At what point does AT&T come to you, or Vodafone, or any one of the big established IoT MNOs? “They already are,” responds Shalom, and gets into the conversation at the top of the piece. Who? “The top five in the world,” he says. Its footprint features are down to its investments, he makes clear. “How many companies in this industry are really investing good investor money in building technologies for cellular IoT? Not so many.” He references Cisco’s investment in Jasper and Aeris’ investment in Ericsson’s IoT Accelerator business.

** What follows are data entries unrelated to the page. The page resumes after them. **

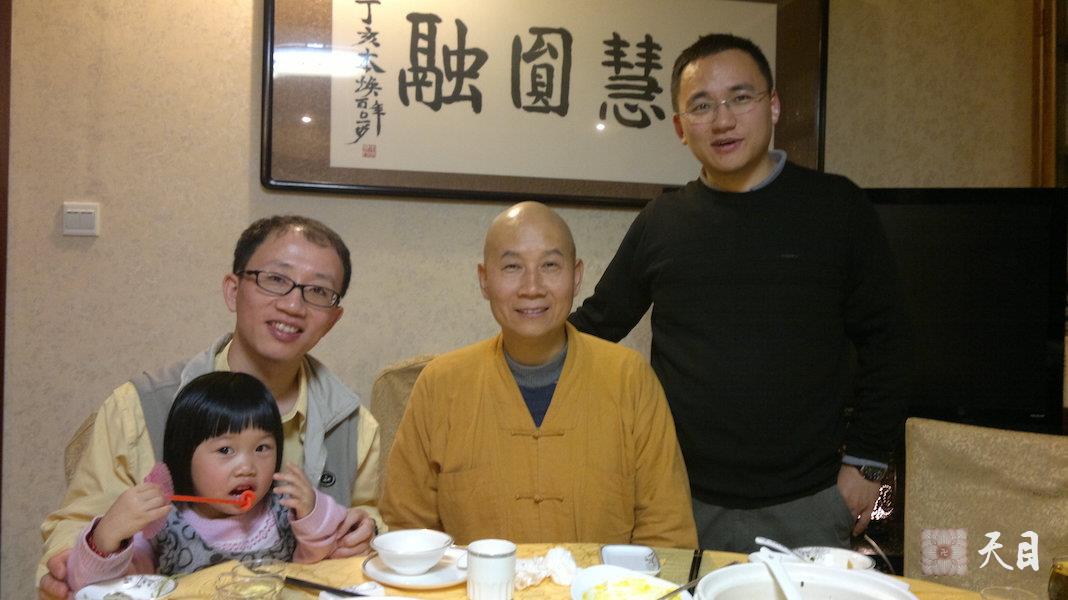 2011年11月21日,恩师圣观法师在北京弘法期间,应郭宇宽记者的供养在北京福慧慈缘(锡拉胡同)素食馆吃饭,给一同前来的胡佳父女开示,与他们合影。
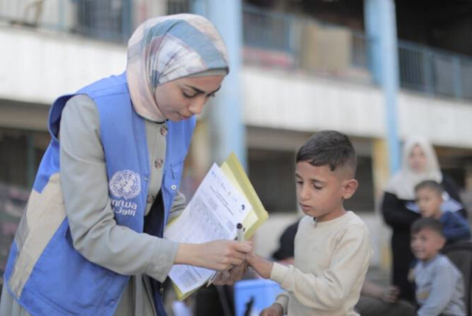 Octobre 2024 - Équipes de l'UNRWA administrant des vaccins contre la polio dans une école de l'UNRWA à Khan Younis, dans le sud de la bande de Gaza - Photo : UNRWA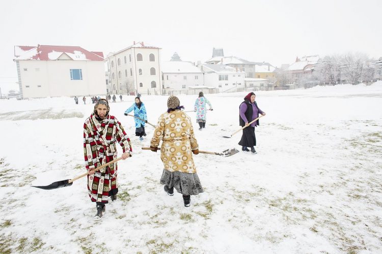 Roma people doing community work to secure social benefits eligibility, in Buzesti on February 6, 2014.

He goes on: “Companies are not investing to build future-looking capabilities into their cellular core networks – and it is needed. So MVNOs are coming to us because we are a multi-MNO solution, and not a single MNO solution, and we have superior technology, better costs, and we are globally distributed. We have dozens and dozens of MVNOs as customers. You don’t even know floLIVE is the engine behind them because it is a completely white-label arrangement. Today we met with MNOs and MVNOs; we signed a couple of deals today. But there won’t be a press release.”